Mart ayından beri işsizim. Nisan ayında kültür sanat merkezimizi açmayı planlıyorduk fakat koronavirüs nedeniyle bütün atölyeler iptal edildi. Geçen yıl mart ayından beri işsizim diyebilirim. Ara ara drama atölyeleri düzenliyoruz online olarak. Borç harç içerisinde geçinmeye çalışıyorum. Bu ev hapsi sürecİ benim işsizliğimi daha da derinleştiren ve maddi imkân sağlamamı elimden alan bir şeye dönüştü.

"Cezaevinde fatura yok ama ev hapsinde var"

"Hapis değil bu ev hapsi diye söylüyorlar fakat normal hapisten dezavantajları da var" diyen Baran Doğan, bunu şu sözlerle açıklıyor:

Mesela; elektrik, su, doğalgaz, kira gibi dertlere cezaevindeyken sahip değilsin. Çünkü devlet bu yükümlülüğü senin üzerinden alıyor. Fakat ev hapsinde devlet bu yükümlülüğü senin üzerine yıkıyor. Bundan dolayı biz bu sefer ciddi bir imkânsızlık içerisindeyiz. Gıda, mutfak ve ev giderlerini kim karşılayacak?

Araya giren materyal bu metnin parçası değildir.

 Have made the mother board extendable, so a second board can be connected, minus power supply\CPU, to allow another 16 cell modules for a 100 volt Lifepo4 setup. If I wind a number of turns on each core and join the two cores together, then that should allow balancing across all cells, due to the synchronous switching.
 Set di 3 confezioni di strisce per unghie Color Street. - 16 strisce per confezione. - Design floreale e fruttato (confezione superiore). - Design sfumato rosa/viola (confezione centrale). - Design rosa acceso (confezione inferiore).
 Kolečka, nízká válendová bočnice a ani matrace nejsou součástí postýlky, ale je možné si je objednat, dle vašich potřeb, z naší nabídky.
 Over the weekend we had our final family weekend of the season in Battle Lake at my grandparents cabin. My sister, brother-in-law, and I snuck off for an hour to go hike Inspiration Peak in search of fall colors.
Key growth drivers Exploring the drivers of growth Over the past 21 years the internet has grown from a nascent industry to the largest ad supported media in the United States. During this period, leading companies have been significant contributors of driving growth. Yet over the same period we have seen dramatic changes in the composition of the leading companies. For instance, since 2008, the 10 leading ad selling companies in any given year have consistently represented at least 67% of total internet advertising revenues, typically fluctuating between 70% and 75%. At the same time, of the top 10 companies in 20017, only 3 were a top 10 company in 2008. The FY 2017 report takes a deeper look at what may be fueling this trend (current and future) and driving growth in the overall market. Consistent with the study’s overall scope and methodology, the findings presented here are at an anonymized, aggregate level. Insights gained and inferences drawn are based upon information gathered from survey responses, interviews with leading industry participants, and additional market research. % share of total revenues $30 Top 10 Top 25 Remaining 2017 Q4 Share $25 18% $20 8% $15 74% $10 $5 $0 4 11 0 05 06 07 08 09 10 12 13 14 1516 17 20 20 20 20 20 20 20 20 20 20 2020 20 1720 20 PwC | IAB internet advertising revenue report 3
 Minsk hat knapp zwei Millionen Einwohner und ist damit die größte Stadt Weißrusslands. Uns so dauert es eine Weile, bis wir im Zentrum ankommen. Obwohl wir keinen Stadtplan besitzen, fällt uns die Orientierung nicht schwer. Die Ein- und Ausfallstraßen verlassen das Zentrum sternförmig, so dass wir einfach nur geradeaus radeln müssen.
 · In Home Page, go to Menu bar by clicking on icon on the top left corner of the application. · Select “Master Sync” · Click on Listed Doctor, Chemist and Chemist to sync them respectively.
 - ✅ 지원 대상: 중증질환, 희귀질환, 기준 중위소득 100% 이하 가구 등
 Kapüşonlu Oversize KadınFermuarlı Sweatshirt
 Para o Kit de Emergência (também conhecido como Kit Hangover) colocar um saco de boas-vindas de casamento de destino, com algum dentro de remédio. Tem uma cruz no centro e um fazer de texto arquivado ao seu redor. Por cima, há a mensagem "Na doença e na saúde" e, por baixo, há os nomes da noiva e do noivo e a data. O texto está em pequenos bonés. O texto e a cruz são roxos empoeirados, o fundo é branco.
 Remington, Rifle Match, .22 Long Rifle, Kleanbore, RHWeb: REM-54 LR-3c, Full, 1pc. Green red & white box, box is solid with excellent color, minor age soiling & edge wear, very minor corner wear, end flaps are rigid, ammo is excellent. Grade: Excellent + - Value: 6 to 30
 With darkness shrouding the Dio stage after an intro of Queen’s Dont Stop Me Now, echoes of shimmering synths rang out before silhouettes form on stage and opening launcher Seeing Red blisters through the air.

Bizi bir evin içerisinde bıraktılar, işsiz bıraktılar, aç bıraktılar. İş olana vermediler ve evden çıkmamız halinde tutuklanacağımızı söylüyorlar. Bunun hapisten hiçbir farkı yok. Tek olanağımız film izleyebilmek, televizyon seyredebilmek ve internet kullanabilmek. Bunların dışında hiç hapisten hiçbir farkı yok.